Binge eating disorder is a severe eating disorder that can have life-threatening complications. Despite its severity, the condition is treatable. Many individuals aren't aware binge eating disorder is a medically recognized eating disorder. Patients with this condition go through multiple episodes of eating extremely large amounts of food, often causing themselves discomfort. To be a disordered eating behavior, there must be feelings of distress, guilt, or shame afterward, coupled with a feeling of losing control during the binge itself.
Unlike eating disorders like bulimia, individuals with binge eating disorder do not purge, starve themselves, or use other unhealthy means of compensating for the binge. This condition is the most commonly occurring eating disorder in the United States. It's important for individuals to be educated about the symptoms of binge eating disorder so they may seek appropriate treatment.
Eating When Full Or Not Hungry
Eating when full or not hungry is one of the most common signs of binge eating disorder. When someone has this condition, they're generally using food as a way of coping with life stress or a way of getting positive feelings. Rather than eating because they're hungry and need nutrition, they eat for the emotional benefits of the binge. These benefits are short-lived, though. Patients may not even experience positive emotions while bingeing, especially if they feel they don't have any control over their actions.
It's important to note eating out of boredom is different from binge eating disorder or other eating disorders. Boredom eating can usually be handled with simple lifestyle changes and more mindfulness about diet.

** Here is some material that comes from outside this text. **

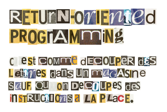 Pour reprendre mon exemple du return-to-libc c'est comme si cette fois on contrôlait l'ordre des lettres dans le mot pour en former des nouveaux.

Binge eating disorder, on the other hand, has a mental health component that can't go untreated. Without treating the underlying mental illness, patients will continue to lose control when they eat.

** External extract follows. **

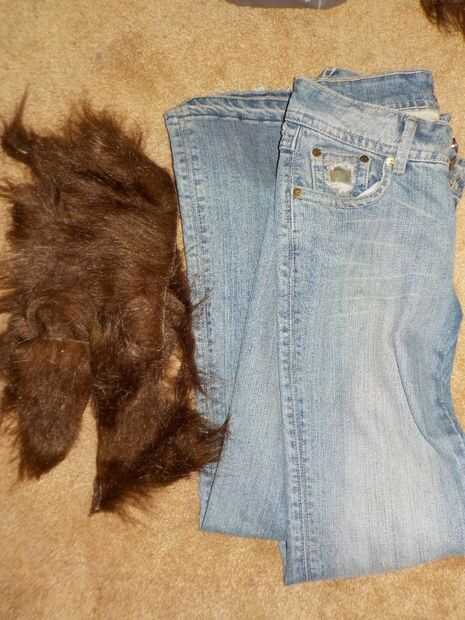 Los materiales son simples para este proyecto. Todo lo que necesitas es un par de jeans viejos (compré este par de una tienda para muy barato) algunos piel sintética, aguja e hilo de rosca y una navaja o tijeras.

Eating Unusually Large Amounts Of Food
Binge eating disorder patients commonly find themselves eating unusually large amounts of food. They also tend to eat this food very quickly rather than spreading it out. Binges involve the consumption of a great deal of food in a short period of time, usually a few hours or less. Many individuals with this eating disorder have a history of dieting. When individuals restrict the calories they take in, they may trigger binges because they've denied themselves certain foods or portions. While binge eating disorder patients don't purge, they may start diets to try to make up for the binge eating.
Unfortunately, this can lead to a vicious cycle of diet-triggered bingeing, followed by dieting to make up for the binges. Eating large quantities of food can cause individuals to gain large amounts of weight and also cause problems with metabolic regulation. If individuals gain too much weight, they may develop weight-related conditions like type 2 diabetes, sleep apnea, and heart disease.

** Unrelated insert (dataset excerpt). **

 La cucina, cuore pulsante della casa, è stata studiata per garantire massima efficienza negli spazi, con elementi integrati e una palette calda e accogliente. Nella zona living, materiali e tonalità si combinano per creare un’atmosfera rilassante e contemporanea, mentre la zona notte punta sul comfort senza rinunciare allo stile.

Eating Behavior Seems Out of Control
When an individual has binge eating disorder, one of the first signs others might notice is their eating behavior seems out of control. In addition, feeling 'out of control' can sometimes be the trigger that makes patients realize they have a problem. Individuals with binge eating disorder may plan their binges, but once they start eating, it's common for them to be unable to stop.
Medical practitioners determine how severe a patient's binge eating disorder is based on how many times they binge per week. The loss of self-control can be very distressing, which just adds to whatever stress or emotional struggles patients are experiencing in their day-to-day lives. While binge eating disorder-related behaviors often start as a means of comforting oneself, they can quickly spiral into a mental illness patients can't control or stop on their own.
Often Eating In Secret
Patients with binge eating disorder may develop a habit of eating in secret. Many do their best to hide their unhealthy eating habits from friends and family, so they may have perfected routines to avoid others seeing them binge. In addition, patients with this eating disorder may have trouble eating in front of others even when they're consuming normal portions. The feeling of being out-of-control leads to intense feelings of guilt, shame, depression, and fear surrounding food.
Unfortunately, this unhealthy association with food makes it more difficult to begin eating a healthier diet. To truly treat their condition, patients must address the mental relationship they have with food. They must also educate themselves about healthy eating habits and ideal nutrition. For some individuals, binge eating disorder may be related to an underlying mental illness like depression or generalized anxiety. It's important to have these things evaluated and treated by a doctor or mental health practitioner.
Eating Until Uncomfortably Full
One of the common behaviors surrounding binge eating disorder is patients eating until they're uncomfortably full. With healthy eating patterns, an individual eats when they're hungry, and after they've eaten enough, their body gives them the signal they're full and should stop. Their digestive system breaks down the food, and once the meal has been fully broken down, they feel hungry again. However, the behaviors of individuals with binge eating disorder aren't related to the body's hunger signals.
Just like eating when not hungry, patients may eat until they're uncomfortably full, ignoring signals from their body. They may feel bloated and nauseous. Unlike bulimia, they don't take measures to purge the food like throwing up, and they don't engage in unhealthy behaviors like over-exercising, but these feelings of uncomfortable fullness can add to the shame and guilt surrounding food.